* **Task instructions**
Transcribe, starting at the line with "The Navigate360 Advancement CRM for" and ending at the line with "ChapStick Classic is", every line of the material below exactly, but leave out the pictures and anything outside that span.

* **Excerpted data**
━━━

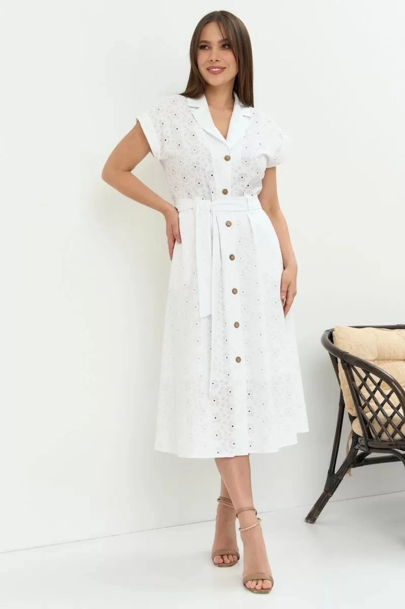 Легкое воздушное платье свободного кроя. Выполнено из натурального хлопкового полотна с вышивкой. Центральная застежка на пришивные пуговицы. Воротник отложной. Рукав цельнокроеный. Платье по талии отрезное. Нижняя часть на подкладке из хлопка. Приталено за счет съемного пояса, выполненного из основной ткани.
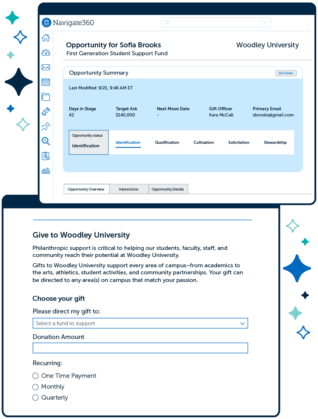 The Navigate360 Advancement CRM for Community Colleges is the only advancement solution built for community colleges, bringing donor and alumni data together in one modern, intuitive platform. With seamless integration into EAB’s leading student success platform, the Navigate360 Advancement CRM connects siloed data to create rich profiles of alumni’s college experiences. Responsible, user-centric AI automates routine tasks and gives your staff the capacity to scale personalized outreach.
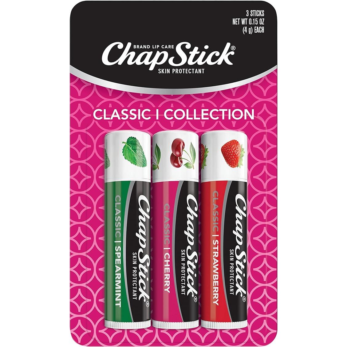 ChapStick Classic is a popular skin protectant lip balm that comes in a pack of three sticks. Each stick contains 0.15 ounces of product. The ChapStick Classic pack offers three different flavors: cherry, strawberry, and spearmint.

━━━

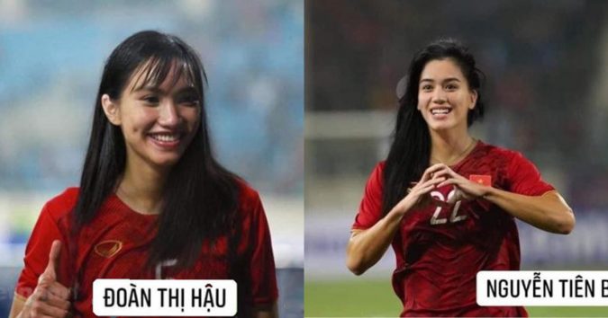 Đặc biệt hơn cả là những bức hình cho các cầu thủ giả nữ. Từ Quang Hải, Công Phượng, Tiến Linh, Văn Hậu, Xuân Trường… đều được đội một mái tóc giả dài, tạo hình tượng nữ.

━━━

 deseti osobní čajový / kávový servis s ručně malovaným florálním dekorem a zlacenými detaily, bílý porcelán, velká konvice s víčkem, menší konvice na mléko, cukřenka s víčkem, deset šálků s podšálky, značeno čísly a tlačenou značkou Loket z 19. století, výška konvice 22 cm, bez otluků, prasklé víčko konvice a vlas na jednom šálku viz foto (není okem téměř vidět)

━━━

* **Solution to this exercise**
 The Navigate360 Advancement CRM for Community Colleges is the only advancement solution built for community colleges, bringing donor and alumni data together in one modern, intuitive platform. With seamless integration into EAB’s leading student success platform, the Navigate360 Advancement CRM connects siloed data to create rich profiles of alumni’s college experiences. Responsible, user-centric AI automates routine tasks and gives your staff the capacity to scale personalized outreach.
 ChapStick Classic is a popular skin protectant lip balm that comes in a pack of three sticks. Each stick contains 0.15 ounces of product. The ChapStick Classic pack offers three different flavors: cherry, strawberry, and spearmint.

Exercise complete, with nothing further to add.